Your instructions
What is needed is a verbatim copy of the data, minus the pictures.

+++ Supplied material +++

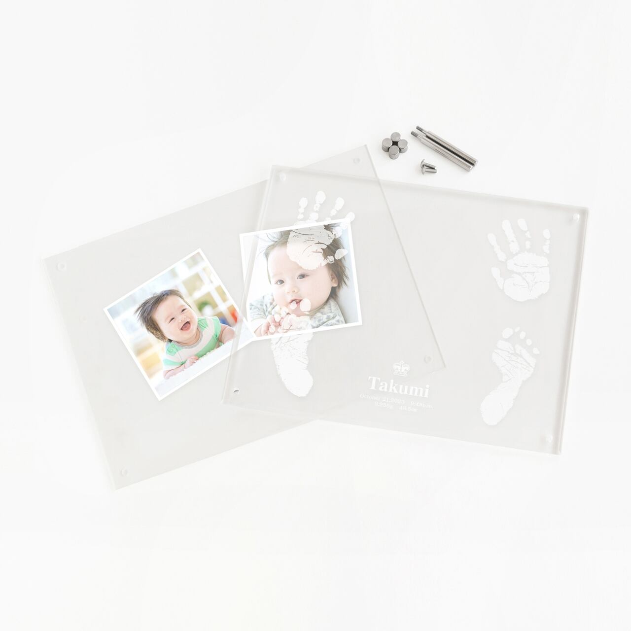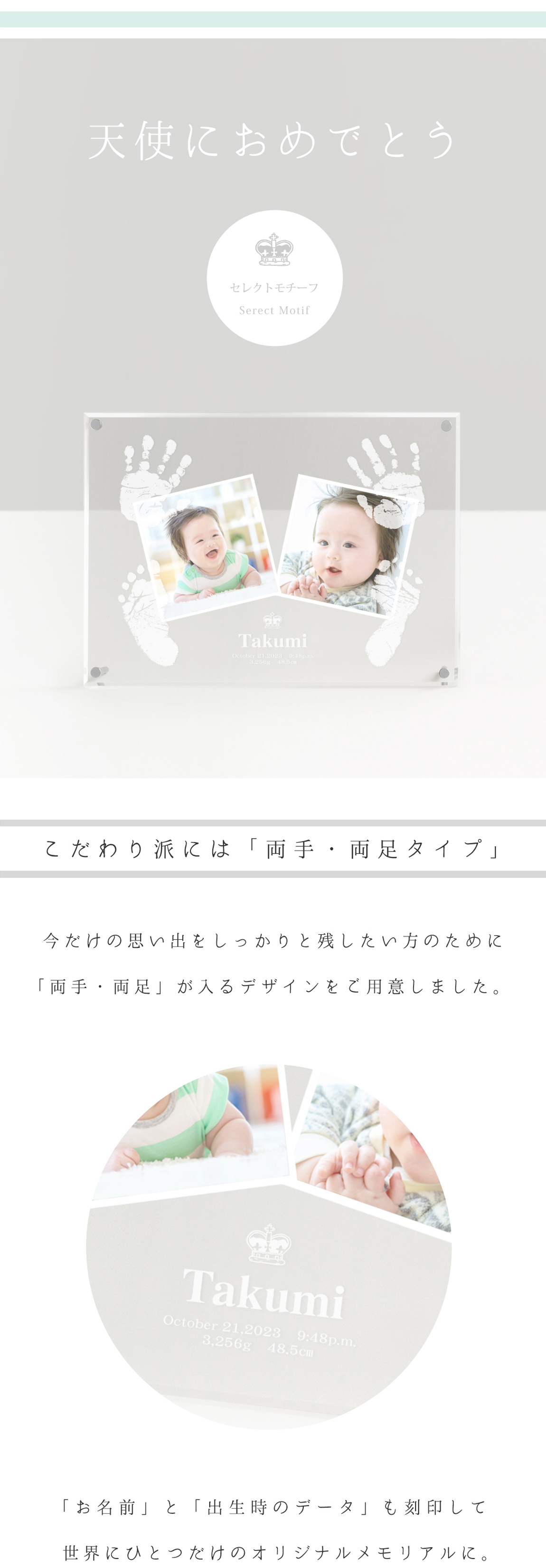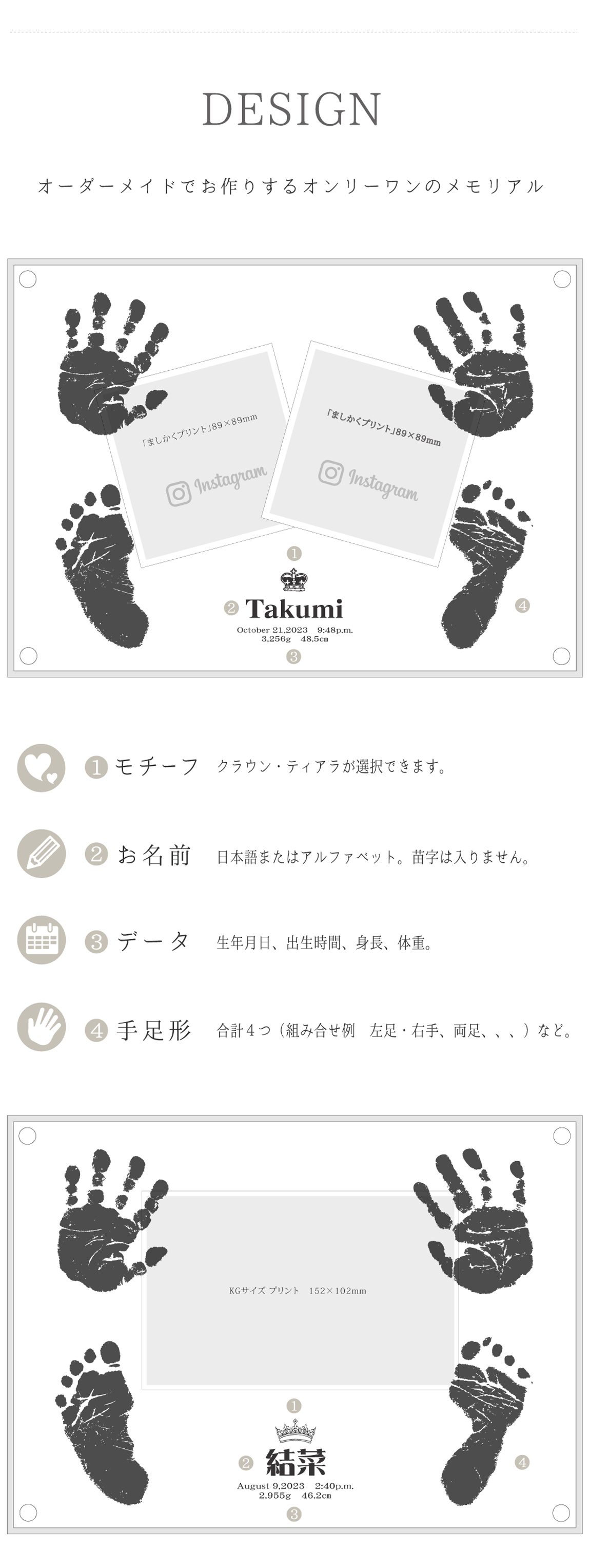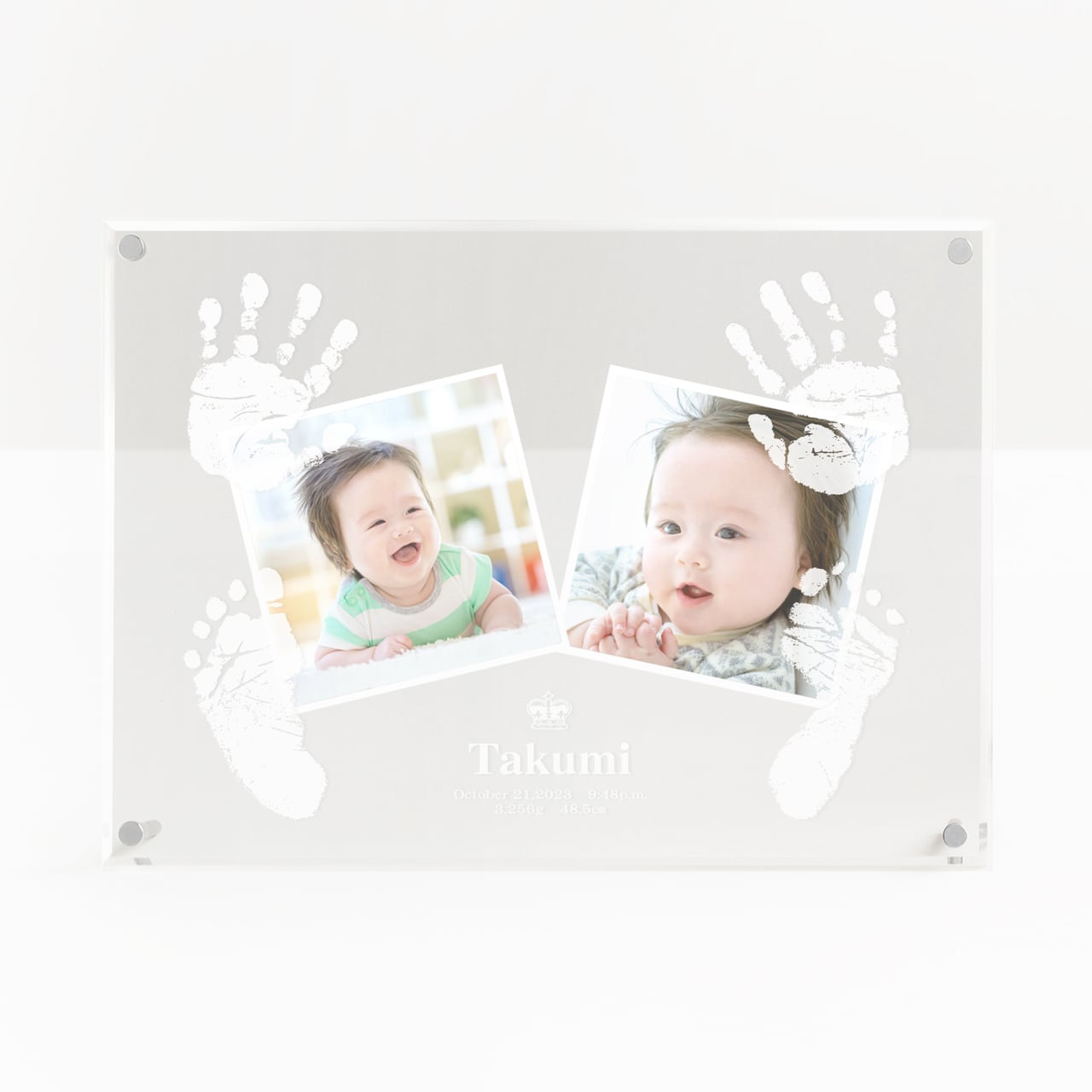 「両手足のカタチ」をしっかり残したい方におすすめ。ちいさな手足のかわいい表情をそのままに、すっきりとシンプルに仕上げました。大きめサイズなのでお写真のアレンジも自由に楽しめます。
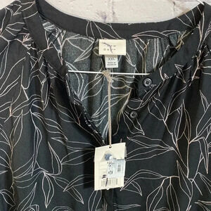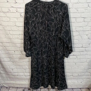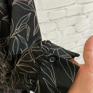 A New Day Black Leaves Shirteaist Button Up Long Sleeved Dress
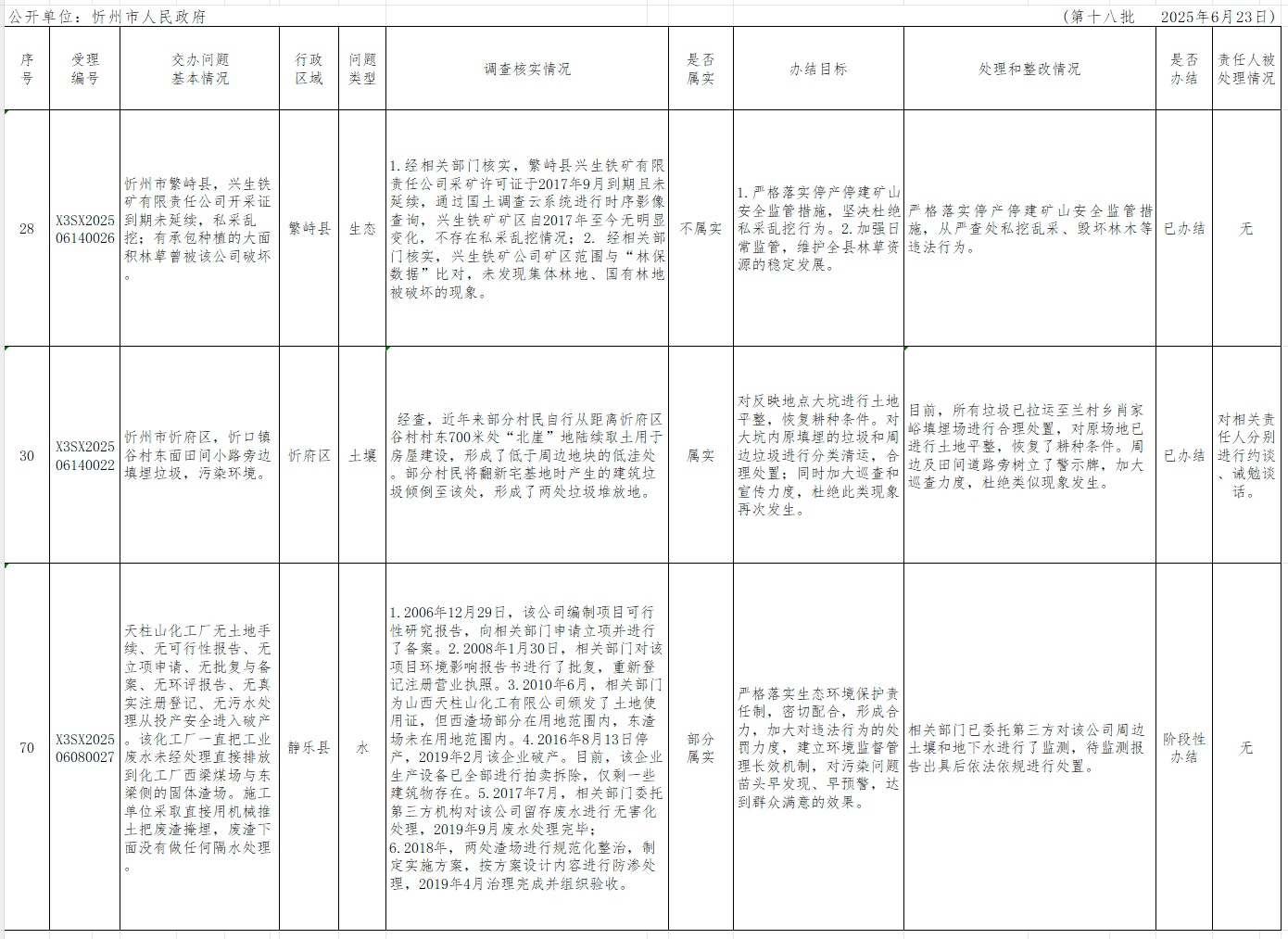 中央生態(tài)環(huán)境保護(hù)督察組群眾信訪舉報(bào)轉(zhuǎn)辦和邊督邊改公開情況一覽表(第十八批)

+++

Written response
 「両手足のカタチ」をしっかり残したい方におすすめ。ちいさな手足のかわいい表情をそのままに、すっきりとシンプルに仕上げました。大きめサイズなのでお写真のアレンジも自由に楽しめます。
 A New Day Black Leaves Shirteaist Button Up Long Sleeved Dress
 中央生態(tài)環(huán)境保護(hù)督察組群眾信訪舉報(bào)轉(zhuǎn)辦和邊督邊改公開情況一覽表(第十八批)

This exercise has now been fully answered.